After questions about skinny models, pricey clothes and fashion’s pointlessness, the fourth inevitable question was whether it was just an industry in which gay men dictated what women should wear. I always bristled at this, with its blaring overtones of homophobia. Enninful’s sexuality is not relevant to his ability to do his job. But his sex is surely a different matter, given he is editing a magazine for women. He has said “I never think in terms of sex or gender. I think in terms of what someone is bringing to the table.” This is the kind of statement only a man can make. In all the glowing press about Enninful’s identity, his sex — as a critique — is mentioned about as often as the fact that Delevingne’s godfather is Nicholas Coleridge, the former long-term chairman of Condé Nast. Which is to say, not at all.

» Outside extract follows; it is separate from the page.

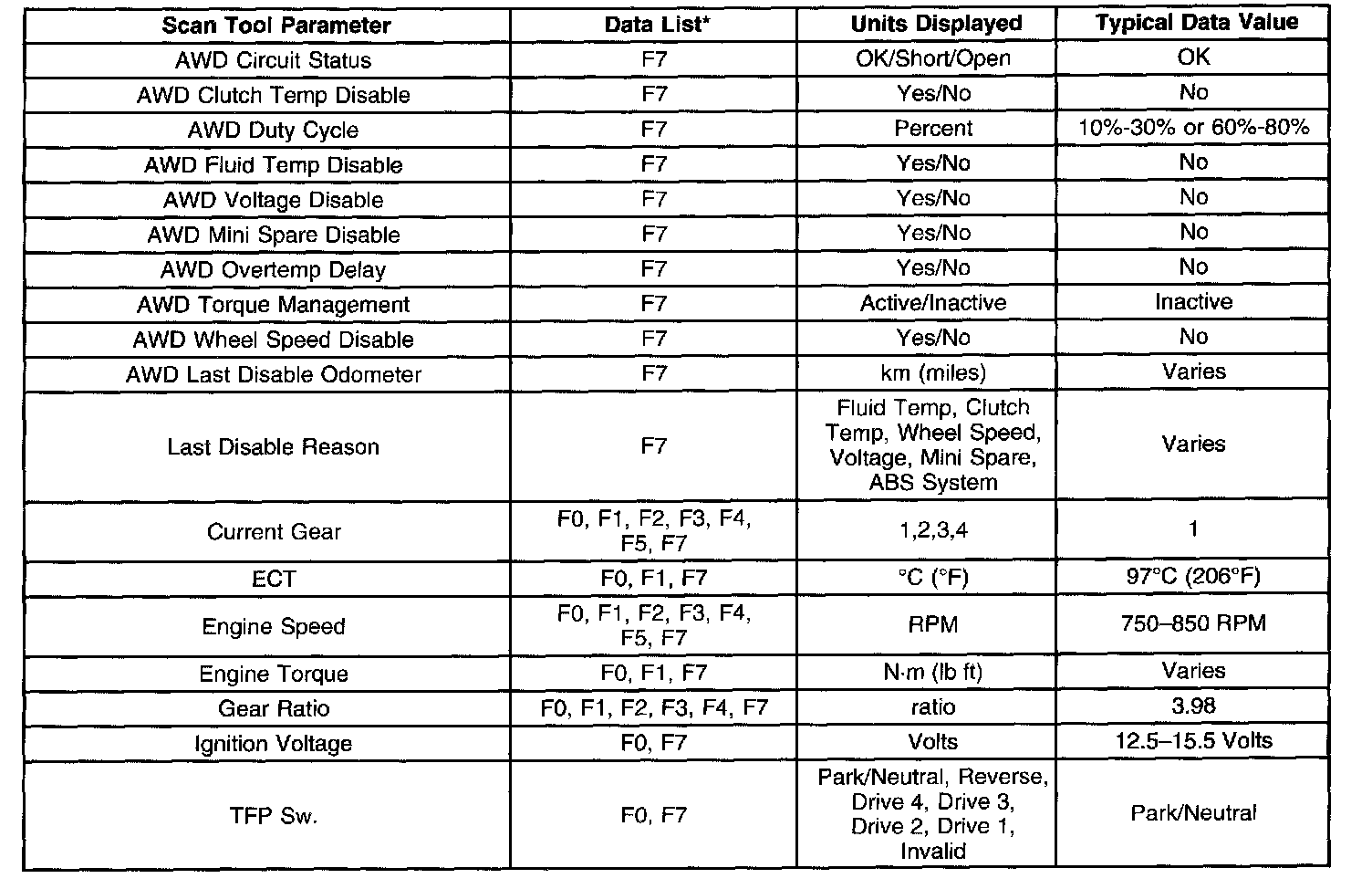 AWD Scan Tool Data List

Fashion is a joke. It’s an art, sure, and a hugely lucrative industry. But it’s also absurd: all these ludicrous clothes and accessories churned out month after month and then draped on bizarrely proportioned women in order to sell them to the trollish masses. Anyone who works in it knows that it’s a bit silly, which is why it’s so difficult to argue against the piss-takers. If fashion is referenced at all in the mainstream, it is usually done so sceptically and satirically, Devil Wears Prada-style.

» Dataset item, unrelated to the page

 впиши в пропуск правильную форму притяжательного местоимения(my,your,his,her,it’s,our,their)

But there is no satire in the coverage of Enninful, even though his book offers plenty of opportunities for it, with his talk of “intelligent” dresses and his gush about Beyonce (“I can’t help thinking how all these walls that we perceive Beyonce putting up don’t exist to facilitate ego”). He is surely the only fashion editor in existence who is not snarkily asked in every interview about the prices of the clothes and the waist measurements of the models in his magazine. Instead, the tone around him is hushed, earnest and reverent. Some will say this is fair enough, given his background; Wintour and Shulman are both posh and white and therefore able to take the barbs.

But you can’t have it both ways: saying Enninful is the king of fashion, but also so fragile he must be wrapped in cashmere. Also, he has been working in the fashion business for more than 30 years; he got married at Longleat with Campbell, Moss and Victoria Beckham in attendance. When the New York Times asked him for the names of five friends they could contact when writing a profile of him, his list was “Beyonce, Rihanna, Naomi, Imam, Oprah.” He is more ensconced in the fashion establishment than Shulman ever was.

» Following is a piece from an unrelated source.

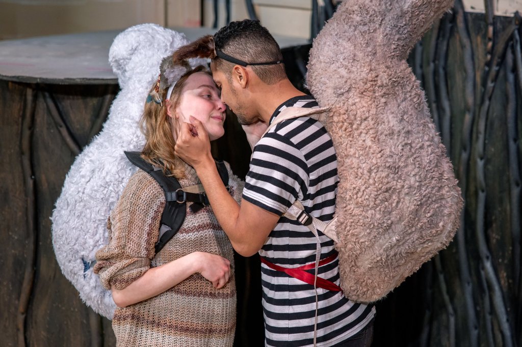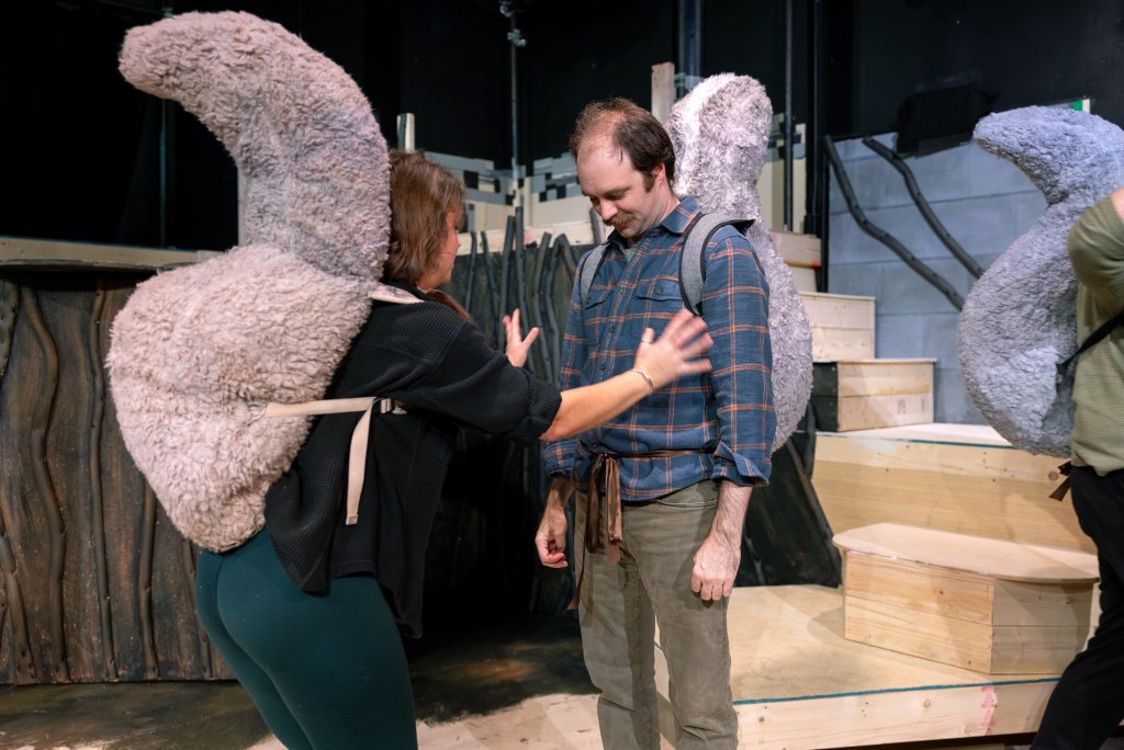 In this particular scene of Robert Askins’ play “The Squirrels,” Harmon is trying to seduce another squirrel, in ways that might not make sense for humans. She’d already rehearsed tickling his ribs.

When I used to insist that fashion reflected the times as much as film or art or literature, people would laugh: of what possible connection to the common man could a £12,000 dress by Armani have? And at times, I questioned this myself. But the coverage around Enninful takes it as a given that he is overhauling the culture through Vogue, producing “a massively visible new idea for what Britishness could mean”, as he puts it in his book. Enninful’s Vogue is only a force for good, whereas everyone else’s, it seems, was and is toxic. Maybe. Or maybe the only way people can take women’s fashion seriously is if the person in charge is a man.